A recent comparison of health costs between Europe, Canada and the U.S. by Sue Davis, chair of the political science department at Denison University, revealed a major insight on why other countries spend far less on care as a percentage of GDP than America.
A fan of universal coverage, she pointed to superior longevity in the comparison countries and a high level of citizen satisfaction with their health care systems. But her chart showed other commonalities in Germany, France, the United Kingdom and Canada that helped to explain why their expenditures run at 10%-11% or less of GDP vs. a stratospheric 17% in the United States :
• Virtually no costs for malpractice litigation and defensive medicine. The price tag is one or two points of health costs in the litigious United States for the legal actions and defensive medicine.
• Administration costs of less than 5% of total costs, versus Davis’ number of 30% in U.S. Some studies put the U.S. at 7%.
• Heavy emphasis on preventive care in the four countries, versus curative approach in U.S. Our system fixes you when you are broken.
• Transparent prices in all four countries, versus pricing in a fog here.
• Digital medical records in place, along with smart cards for personal health records, versus a partial implementation here.
Those all play a role, for sure, but the most significant difference between them and us is the fundamental makeup of the business models here and there. Davis showed that the other four countries use primary care doctors to deliver the lion’s share of medicine, as much as 80% of services.
In the states, primary care has taken the back seat to specialty care. The big hospital systems have bought up primary care practices and then have used them as feeder systems to their expensive secondary and tertiary operations. It’s classic vertical integration to control the supply chain from primary care to hospice.
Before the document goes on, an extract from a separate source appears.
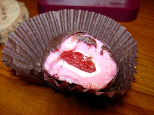 為了湊PCHOME 24小時購物區的五百元免運費,決定買來吃吃看.口感不錯~QQ的最外層是巧克力下一層是草莓口味麻糬再下一層是棉花糖最中心的是草莓果醬很適合嚐鮮,但不要太常吃因為一盒6顆賣50元覺得有點小貴 打開外包裝紙盒後,內包裝又有一層真空的黃色花紋塑膠袋保鮮 開盒照~六小顆 單顆正面大特寫 單顆背面大特寫 咬一口大特寫

The U.S. health system is upside down, based on specialists vs. primary care doctors. It was the other way around 40 years ago here when primary care doctors were the main delivery agents. They had a direct and deep relationship with customers/patients – both on the medical side and the economic side of medicine. Sometimes payments were in chickens and eggs. And our costs were not out-of-line under that model.
They are way out of control today in the new model. Inflation is down from the double digits of a decade ago, but is still running 6%-8%. Small businesses are enduring premium increases for more than 20%.
Big corporations have figured out that they have to take back control of the supply chain in health care, and they are hiring their own doctors and nurses in their own on-site clinics. That move gives them a “twofer.”
They control the entrance into the big system with their own medical teams. Their on-site clinics lead the way to costs one-third below the national average. The payers’ doctors regain control of which tests to order, whether to use specialists and when to admit to expensive hospitals. What a difference!
And they gain proactive management of chronic diseases, the source of 80% of the costs in health care. You can’t mange health costs without managing health.
Davis missed that profound difference in business models as an economic determinant, but her comparison illuminated why we spend seven more points of GDP on health care.
Real reform of the health care system in this country, which should center on a return to the primacy of primary care, would save hundreds of billions of dollars a year.
That would be enough to provide the universal care that Davis yearns for.